Yeah right on, what the question is really asking is what is the maximum number of trailing zeroes that P can have

With both statements together we get that the maximum number must be 5

Hence C is the correct answer

Hope it helps
Cheers!
J :)

Hi, I did not get part where you said it is asking for maximum number of trailing zeros. Is it because of statement 1) ? thanks in advance.

What is the meaning of trailing zeroes?

102000 has 3 trailing zeroes i.e. 3 zeroes at the end.
1920040 has only 1 trailing zero.
Trailing zeroes means the number of zeroes at the end - after a non zero number.

Now think, 19200 = 192*100
So 19200 is divisible by 100 but not by 1000 or 10000 etc.
Since 19200 has 2 trailing zeroes, it will be divisible by 10^2 but not by 10^3 or 10^4 or 10^5 etc.

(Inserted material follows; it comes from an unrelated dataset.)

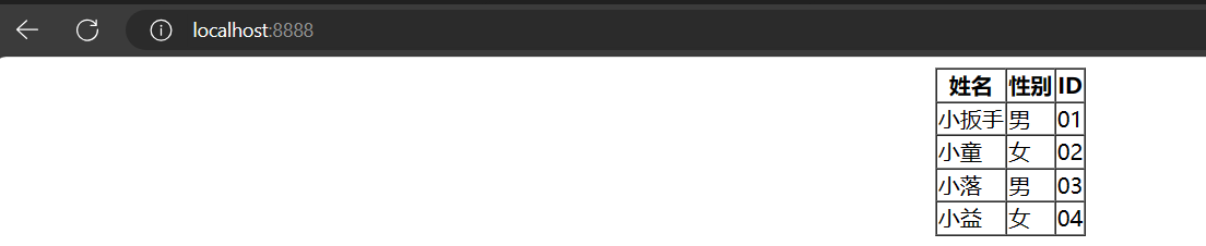 import java.io.IOException; import java.net.ServerSocket; import java.net.Socket; public class Hello { public static void main(String[] args) throws IOException { ServerSocket serverSocket = new ServerSocket(8888); while (true){ //管道接通 Socket socket = serverSocket.accept(); Thread thread = new MyThread(socket); thread.start(); System.out.println(thread.getName() + " 正在执行!!!"); } } }import java.io.*; import java.net.Socket; public class MyThread extends Thread{ Socket socket; public MyThread (Socket socket){ this.socket = socket; } @Override public void run() { try( OutputStream os = socket.getOutputStream(); InputStream is = socket.getInputStream(); BufferedReader reader = new BufferedReader(new InputStreamReader(is)); BufferedWriter writer = new BufferedWriter(new OutputStreamWriter(os)); ){ //先接受客户端请求过来的数据 String s; while (!(s = reader.readLine()).isEmpty()){ System.out.println(s); } StringBuilder stringBuilder = new StringBuilder(); //读取数据 readData(stringBuilder); //接着再返回数据 writer.write("HTTP/1.1 200 OK\r\n"); writer.write("Content-Type:text/html;charset=UTF-8\r\n"); writer.write("\r\n"); writer.write(stringBuilder.toString()); }catch (Exception e){ e.printStackTrace(); } } public void readData(StringBuilder stringBuilder){ try( InputStream inputStream = new FileInputStream("D:\\software\\code\\2023_java\\2023_java_code\\code_24_5_8\\src\\main\\java\\org\\example\\Demo\\response.html"); BufferedReader reader = new BufferedReader(new InputStreamReader(inputStream)); ){ while (true){ String s = reader.readLine(); if ( s == null || s.isEmpty()){ break; } stringBuilder.append(s); } }catch (Exception e){ e.printStackTrace(); } } }<!DOCTYPE html> <html lang="en"> <head> <meta charset="UTF-8"> <meta name="viewport" content="width=device-width, initial-scale=1.0"> <title>测试</title> </head> <body> <table border="1px" cellspacing="0px" align="center"> <tr> <th>姓名</th> <th>性别</th> <th>ID</th> </tr> <tr> <td>小扳手</td> <td>男</td> <td>01</td> </tr> <tr> <td>小童</td> <td>女</td> <td>02</td> </tr> <tr> <td>小落</td> <td>男</td> <td>03</td> </tr> <tr> <td>小益</td> <td>女</td> <td>04</td> </tr> </table> </body> </html>

The question stem tells you that p is divisible by 10^q but not by 10^(q+1); this means that p has exactly q trailing zeroes.
For every 0 at the end, you need the number to be a multiple of 10 i.e. a 2 and a 5. Stmt 1 tells you that p has 5 2s and stmnt 2 tells you that p has 6 5s. Together, you can make only 5 10s. So q must be 5.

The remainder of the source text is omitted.